**Extracted entries:**

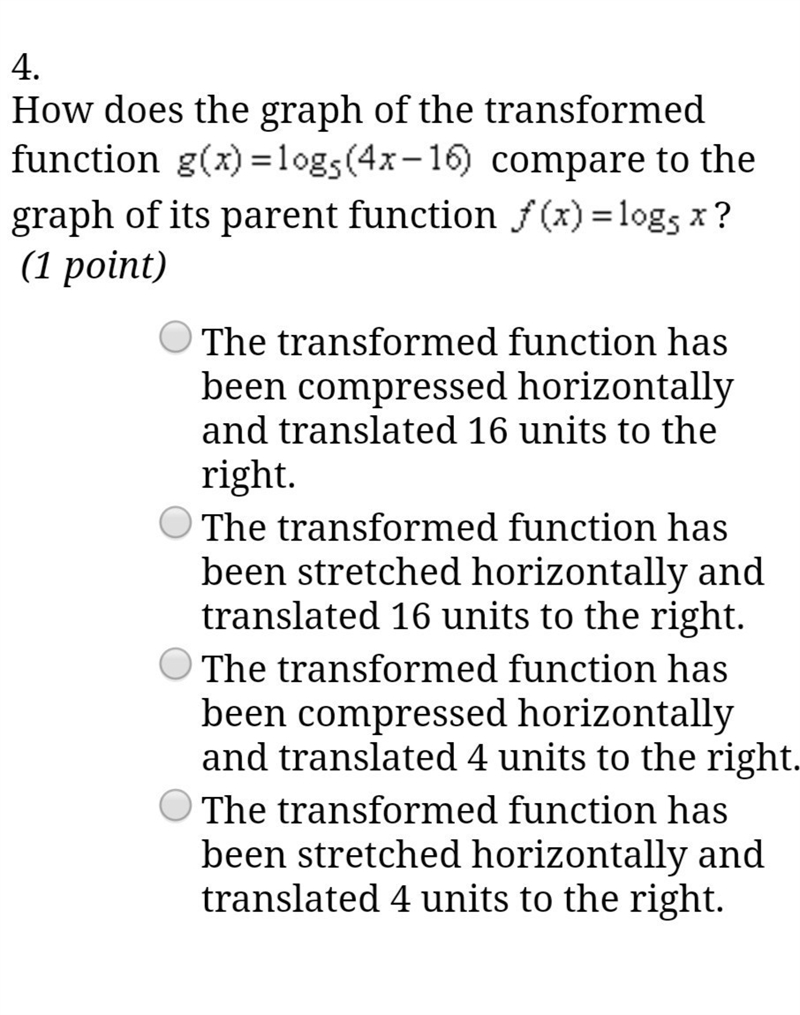 Answer: Choice #3 - compressed horizontally and translated by 4 units to the right.
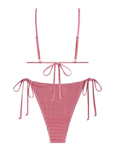 ZAFUL Women's Sexy Triangle Thong Bikini Set 2025 Plaids Print Two Piece Swimsuit Brazillian Cute String Bathing Suit 2
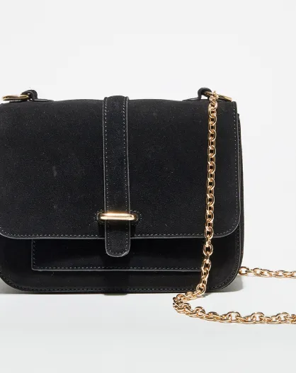 Petit Sac bandoulière en Velours de Cuir Claire noir - 16x20x8 cm
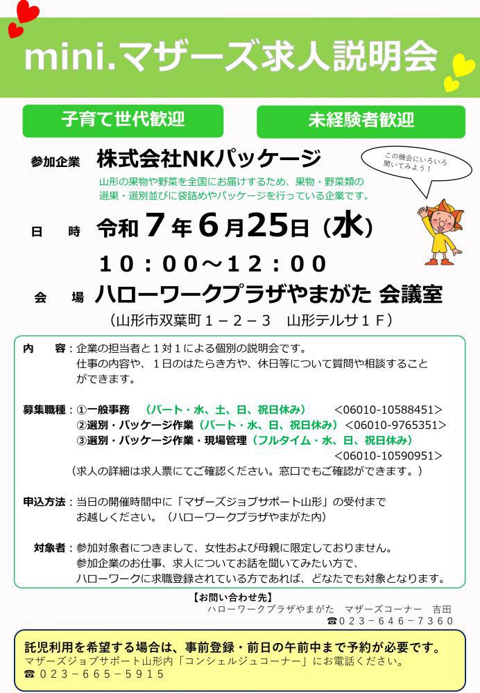 6月25日「求人説明会」のお知らせ「mini.マザーズ求人説明会」を開催します。 ★事前連絡不要★履歴書不要 ★普段着参加OK 今回は、「株式会社NKパッケージ」です! 参加希望の方は、当日の開催時間中にプラザ奥側マザーズジョブサポート山形受付までお越しください。 日時:令和7年6月25日(水) 10:00〜12:00 開催時間中のお好きな時間に お越しいただけます。 会場:ハローワークプラザやまがた 会議室 (山形市双葉町1-2-3 山形テルサ1F)※県民べにばな駐車場をご利用の方には、 最大2時間分までサービス券を配布いたします。 駐車券をご提示ください。 内容:企業の担当者と1対1による個別の説明会です。 仕事の内容、1日のはたらき方や、 休日についてなど質問や相談をすることができます。 【お問い合わせ先】 ハローワークプラザやまがた 吉田 TEL:023-646-7360
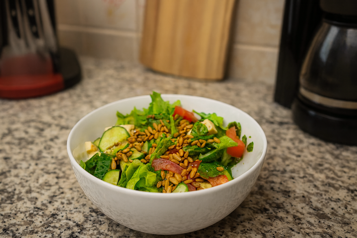Ко мне на приём пришла женщина и призналась: «Анна, я решила питаться правильно — ем только овощные салаты с семенами и маслом. Но после них у меня ощущение, будто я съела целую кастрюлю борща. Живот распирает, настроение падает. Как же так?» Знакомая ситуация? Многие искренне верят, что чем «чище» питание, тем лучше. Но на деле именно самый «здоровый» салат может вызвать тяжесть и вздутие. Давайте разберёмся, почему так происходит. Мы привыкли считать: салат из свежих овощей, заправленный маслом, с добавлением семян или орешков — идеальное блюдо для здоровья. Но в работе с женщинами старше 50 я регулярно вижу: после такой трапезы они жалуются на урчание в животе, чувство распирания и усталость. Получается, вместо пользы — дискомфорт. Почему так? Всё просто: пищеварительная система меняется с возрастом. Ферментов, которые помогают «разбирать» пищу на полезные составляющие, становится меньше. Желчный пузырь работает не так активно. А кишечник реагирует острее на грубую клетчатку. Капуст
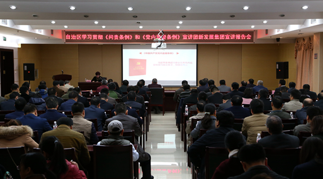 2017年2月24日上午,自治區(qū)學(xué)習(xí)貫徹《中國(guó)共產(chǎn)黨問責(zé)條例》《中國(guó)共產(chǎn)黨黨內(nèi)監(jiān)督條例》宣講團(tuán)到集團(tuán)公司舉行宣講報(bào)告會(huì),自治區(qū)紀(jì)委宣傳部部長(zhǎng)陳柳青作宣講報(bào)告,集團(tuán)公司黨委副書記、副董事長(zhǎng)、總經(jīng)理唐咸秋主持會(huì)議。
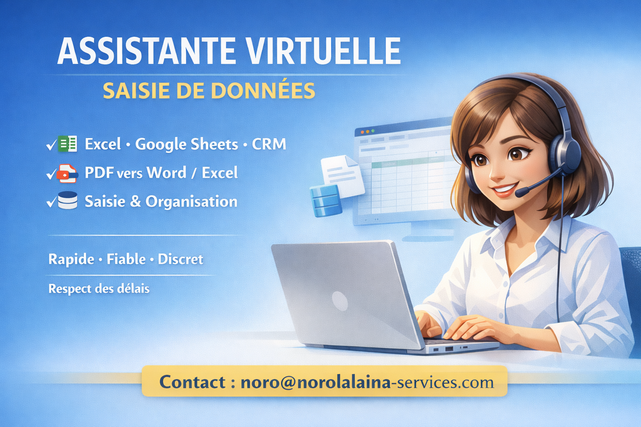 👩💻 Je suis Ony, spécialisée en support administratif et assistance virtuelle. Mon objectif : vous aider à organiser et optimiser vos tâches quotidiennes pour vous faire gagner du temps et améliorer l’efficacité de votre activité. 📧 Gestion des emails : Organisation, tri et réponse aux emails pour un suivi efficace et structuré. Gestion professionnelle des communications pour que rien ne vous échappe ⚡. 🧾 Saisie de données : Saisie précise et rigoureuse de fichiers Excel, bases de données, listings produits ou contacts clients 📂. Organisation des informations pour un accès facile et fiable. 📅 Planification et gestion d’agenda : Gestion des rendez-vous et organisation du calendrier pour un suivi optimal de vos tâches et réunions. 🌐 Traduction de documents : Traduction fiable de documents pour faciliter vos échanges multilingues ✍️. 📣 Gestion de campagnes publicitaires : Création, suivi et optimisation de vos campagnes Google Ads et Facebook Ads pour maximiser vos résultats 🚀. 💶 Mon tarif : 15€/heure pour un accompagnement complet, structuré et parfaitement adapté à vos besoins 💼.
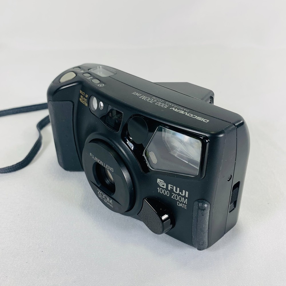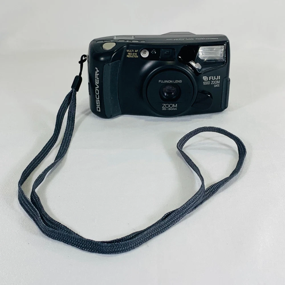 Capture timeless memories with the Fuji Discovery 1000 Zoom Date Panorama camera. This point and shoot film camera is perfect for anyone who wants to take stunning photos without the hassle of manual focusing. With its 35-80mm format and black color, this camera is both stylish and versatile. Featuring Fuji's signature Discovery 1000 technology, this camera produces stunningly clear and detailed photos. Whether you're capturing a loved one's smile or a breathtaking landscape, this camera is sure to impress. So why wait? Start taking pictures today with the Fuji Discovery 1000 Zoom Date Panorama camera. Camera is mechanically functional and is untested with film. Any imperfections are shown in photos. We can do combined shipping! See what else you'd like from our store! đź’™Retro and Beyond
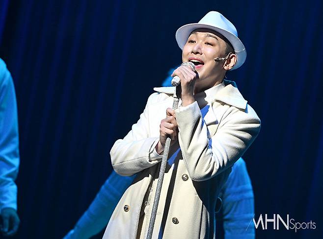 (MHN스포츠 이현지 기자) 뮤지컬 배우 김호영이 29일 오후 서울 구로구 디큐브 링크아트센터에서 진행된 뮤지컬 '광화문연가' 프레스콜에서 열연을 선보이고 있다.
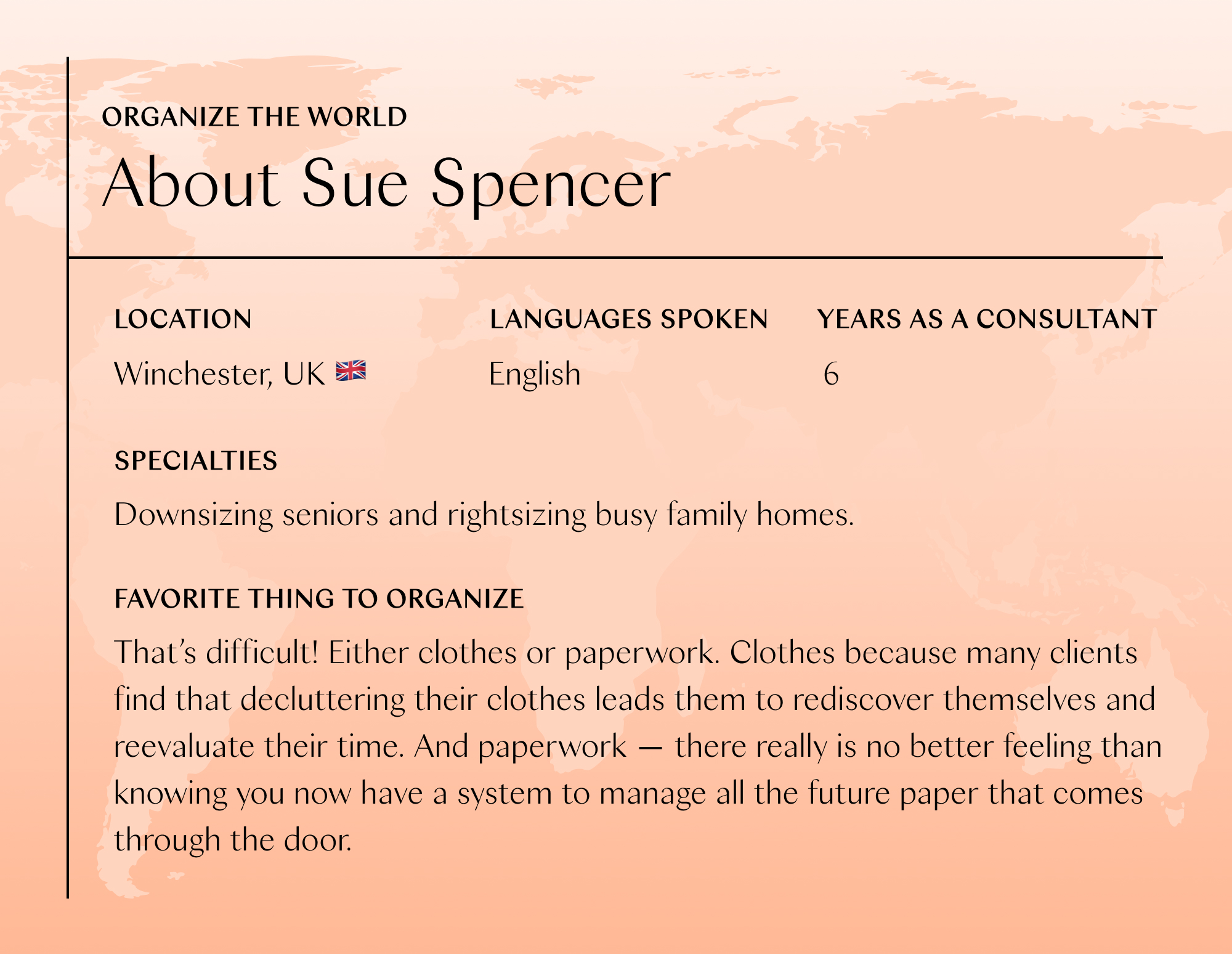 Today’s guest, KonMari Consultant Sue Spencer (A Life More Organised), uses a thoughtful term for one of her specialties: rightsizing. A cousin to “downsizing,” Sue’s clients are often seniors preparing to move into smaller homes, but she also works with recent college graduates, parents of teenagers and new empty nesters. We asked her to explain why she recommends rightsizing multiple times during your life — and how to tackle it.

**Your instructions:** Your response should reproduce the entire listing verbatim, minus the pictures.

**Written solution:**
 Answer: Choice #3 - compressed horizontally and translated by 4 units to the right.
 ZAFUL Women's Sexy Triangle Thong Bikini Set 2025 Plaids Print Two Piece Swimsuit Brazillian Cute String Bathing Suit 2
 Petit Sac bandoulière en Velours de Cuir Claire noir - 16x20x8 cm
 6月25日「求人説明会」のお知らせ「mini.マザーズ求人説明会」を開催します。 ★事前連絡不要★履歴書不要 ★普段着参加OK 今回は、「株式会社NKパッケージ」です! 参加希望の方は、当日の開催時間中にプラザ奥側マザーズジョブサポート山形受付までお越しください。 日時:令和7年6月25日(水) 10:00〜12:00 開催時間中のお好きな時間に お越しいただけます。 会場:ハローワークプラザやまがた 会議室 (山形市双葉町1-2-3 山形テルサ1F)※県民べにばな駐車場をご利用の方には、 最大2時間分までサービス券を配布いたします。 駐車券をご提示ください。 内容:企業の担当者と1対1による個別の説明会です。 仕事の内容、1日のはたらき方や、 休日についてなど質問や相談をすることができます。 【お問い合わせ先】 ハローワークプラザやまがた 吉田 TEL:023-646-7360
Ко мне на приём пришла женщина и призналась: «Анна, я решила питаться правильно — ем только овощные салаты с семенами и маслом. Но после них у меня ощущение, будто я съела целую кастрюлю борща. Живот распирает, настроение падает. Как же так?» Знакомая ситуация? Многие искренне верят, что чем «чище» питание, тем лучше. Но на деле именно самый «здоровый» салат может вызвать тяжесть и вздутие. Давайте разберёмся, почему так происходит. Мы привыкли считать: салат из свежих овощей, заправленный маслом, с добавлением семян или орешков — идеальное блюдо для здоровья. Но в работе с женщинами старше 50 я регулярно вижу: после такой трапезы они жалуются на урчание в животе, чувство распирания и усталость. Получается, вместо пользы — дискомфорт. Почему так? Всё просто: пищеварительная система меняется с возрастом. Ферментов, которые помогают «разбирать» пищу на полезные составляющие, становится меньше. Желчный пузырь работает не так активно. А кишечник реагирует острее на грубую клетчатку. Капуст
 2017年2月24日上午,自治區(qū)學(xué)習(xí)貫徹《中國(guó)共產(chǎn)黨問責(zé)條例》《中國(guó)共產(chǎn)黨黨內(nèi)監(jiān)督條例》宣講團(tuán)到集團(tuán)公司舉行宣講報(bào)告會(huì),自治區(qū)紀(jì)委宣傳部部長(zhǎng)陳柳青作宣講報(bào)告,集團(tuán)公司黨委副書記、副董事長(zhǎng)、總經(jīng)理唐咸秋主持會(huì)議。
 👩💻 Je suis Ony, spécialisée en support administratif et assistance virtuelle. Mon objectif : vous aider à organiser et optimiser vos tâches quotidiennes pour vous faire gagner du temps et améliorer l’efficacité de votre activité. 📧 Gestion des emails : Organisation, tri et réponse aux emails pour un suivi efficace et structuré. Gestion professionnelle des communications pour que rien ne vous échappe ⚡. 🧾 Saisie de données : Saisie précise et rigoureuse de fichiers Excel, bases de données, listings produits ou contacts clients 📂. Organisation des informations pour un accès facile et fiable. 📅 Planification et gestion d’agenda : Gestion des rendez-vous et organisation du calendrier pour un suivi optimal de vos tâches et réunions. 🌐 Traduction de documents : Traduction fiable de documents pour faciliter vos échanges multilingues ✍️. 📣 Gestion de campagnes publicitaires : Création, suivi et optimisation de vos campagnes Google Ads et Facebook Ads pour maximiser vos résultats 🚀. 💶 Mon tarif : 15€/heure pour un accompagnement complet, structuré et parfaitement adapté à vos besoins 💼.
 Capture timeless memories with the Fuji Discovery 1000 Zoom Date Panorama camera. This point and shoot film camera is perfect for anyone who wants to take stunning photos without the hassle of manual focusing. With its 35-80mm format and black color, this camera is both stylish and versatile. Featuring Fuji's signature Discovery 1000 technology, this camera produces stunningly clear and detailed photos. Whether you're capturing a loved one's smile or a breathtaking landscape, this camera is sure to impress. So why wait? Start taking pictures today with the Fuji Discovery 1000 Zoom Date Panorama camera. Camera is mechanically functional and is untested with film. Any imperfections are shown in photos. We can do combined shipping! See what else you'd like from our store! đź’™Retro and Beyond
 (MHN스포츠 이현지 기자) 뮤지컬 배우 김호영이 29일 오후 서울 구로구 디큐브 링크아트센터에서 진행된 뮤지컬 '광화문연가' 프레스콜에서 열연을 선보이고 있다.
 Today’s guest, KonMari Consultant Sue Spencer (A Life More Organised), uses a thoughtful term for one of her specialties: rightsizing. A cousin to “downsizing,” Sue’s clients are often seniors preparing to move into smaller homes, but she also works with recent college graduates, parents of teenagers and new empty nesters. We asked her to explain why she recommends rightsizing multiple times during your life — and how to tackle it.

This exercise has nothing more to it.